Как не знавать! Тогда она была еще просто Рита, незамужняя девица. Надо сказать, довольно взбалмошная. Из фрейлин цесаревны Елизаветы. Наезжая вместе с цесаревной… а иногда и одна… с каким-нибудь пустячным поручением, лезла везде на глаза и норовила быть поперед самой цесаревны… Господи, прости грешного!.. Кому в голову пришла блажная мысль — назначить воспитательницей племянниц именно эту состарившуюся вертихвостку? То-то теперь, поди, полный корсаж ханжества!
— Я посчитал своим долгом, всех-то тайн не открывая, наказать строжайше воспитательнице: сторонитесь поляков, сторонитесь! И немедленно, мол, свяжитесь с русским резидентом в Киле. Или с графом Орловым, который как раз прибывал туда с эскадрой. Дабы кто ни есть оградил беззащитных дам, неизвестно, ради чего посередь европейских войн шатающихся. Кажется, припугнул, вразумил, но…
Алексей вздрогнул от нехорошего предчувствия.
— После мне, при последующих поездках в Киль, стало известно: их всех троих на пути к резиденту похитили какие-то люди в черных масках… и с тех пор ни слуху ни духу…
У Алексея даже подозрение зародилось: а сам-то купчина так ли уж чист на руку?.. Не будет ли требовать платы за известия о племянницах, которых сам же и припрятал?! Известно, без выгоды купец ничего не делает.

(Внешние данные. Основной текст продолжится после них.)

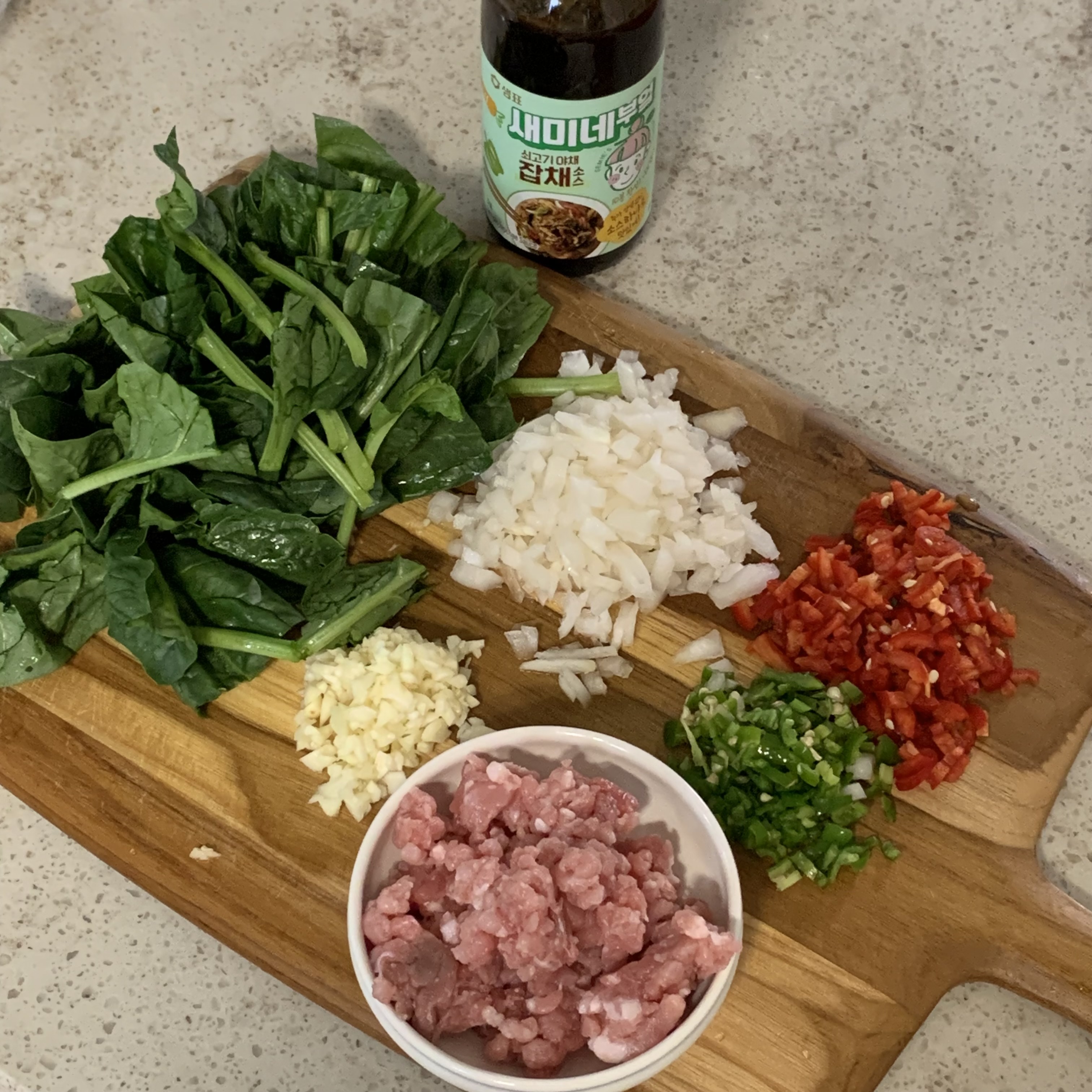 이 시금치 고기덮밥은 준비과정이 요리과정보다 조금 더 할 일이 많은 레시피예요 ㅎㅎ

Однако тот ничего не просил и чувствовал себя до некоторой степени виноватым — ведь мог бы, но не предотвратил несчастья…
Алексей по своей воле щедро наградил его и отпустил с Богом. Что с него теперь взять?
Да и сведения его были о прошлом. О том, и примерно так же, приватно доносил ему и Алехан. Пожалуй, высадившись в Киле, он вслед за купцом шел. Но везде находил только неясные следы каких-то русских девиц, которые под водительством своей воспитательницы путешествовали по Европе. Потом, сообщил Алехан, следы эти затерялись. Оставалась одна княжна Тараканова, без всяких сестриц и воспитательниц.
Одно роднило: и она была окружена поляками какого-то непонятного происхождения. Прости, мол, друг Алексей Григорьевич, мне остается только одно: добраться наконец-то до этой неуловимой княжны и хоть силой, хоть обманом увезти ее в Петербург. Пусть там разбираются. Чего доброго, смеялся Алехан, самому бы не влюбиться в неведомую княжну! Сколь можно пребывать в холостяках?..
Болезни одолевали. Старость поджимала все сильнее.
Детки? Каки-ие детки?..
Алексей Разумовский сознавал, что последний раз, наверно, пребывает в Москве. Он попробовал пожить там беспечным московским барином; дом на Покровке, построенный с легкой руки Елизаветушки, позволял и здесь встать на широкую ногу. Москвичи любили тороватых людей. Но званые балы и обеды утомляли старика… увы, чего там скрывать. Он пытался скрыться в Перове, где тоже был дом. Но и в мягкой венской коляске, на новомодных подвесных рессорах, с трудом добирался до перовской усадьбы. Охота? Какая охота! Не прежние времена, чтоб без роздыха, под звук охотничьих рогов, скакать из Перова в Измайлово и кругалями обратно. Сейчас лишь глухой хохоток скачущей Елизаветушки отдавался в дубравах и березовых чистых рощицах. Время охотничье, волчье, когда старики выводят молодежь на поля, но теперь могут спокойно резать крестьянских овечек. Главный охотник империи, обер-егермейстер, в венской коляске болтается, как тряпичная кукла. Самому бы на зуб не попасть… В сопровождении верных гайдуков он все же и верхом проехался по просекам, и послушал, как ему в утеху трубит охотничий рог. Но — не лучше, чем в театре… Ненастоящее, все ненастоящее.